Abstract
INTRODUCTION: The current standard of care for advanced high grade serous ovarian cancer (HGSC) comprises a combination of debulking surgery and platinum-based chemotherapy given in the neoadjuvant or adjuvant setting. In the neoadjuvant setting, patients usually undergo 3 cycles of chemotherapy followed by interval cytoreductive surgery (ICS), then 3 further cycles of chemotherapy. However, the optimum timeframe to administer chemotherapy before and after ICS remains unclear. We therefore examine the survival impact of the interval between pre- and post-operative chemotherapy in patients undergoing ICS in a well-established patient cohort.
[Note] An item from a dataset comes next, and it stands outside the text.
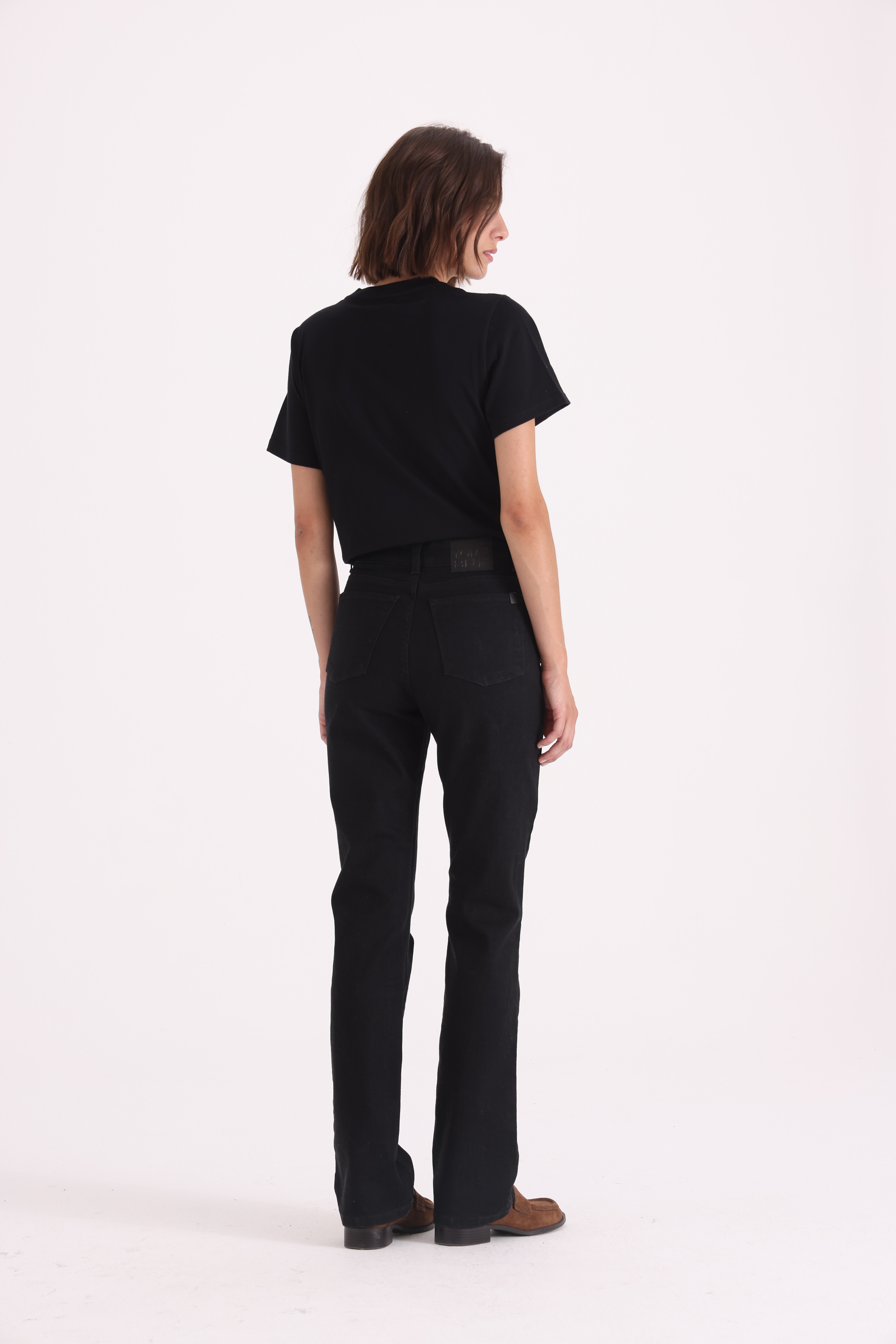 Jean clásico ALEXA de tiro medio en denim elastizado. Lavado black acid, con bolsillos delanteros y traseros. Producción propia, calce cómodo y versátil. La modelo usa talle 26.

Factors leading to "delays" in recommencing post-operative chemotherapy were also examined.
METHODS: The study comprises of a retrospective cohort of 205 cases with FIGO stage III and IV HGSC undergoing ICS. The duration of the interval between pre-operative and post-operative chemotherapy was correlated with progression-free (PFS) and overall survival (OS). Univariate and multivariate analyses were constructed to identify factors associated with survival and prolonged chemotherapy interruption.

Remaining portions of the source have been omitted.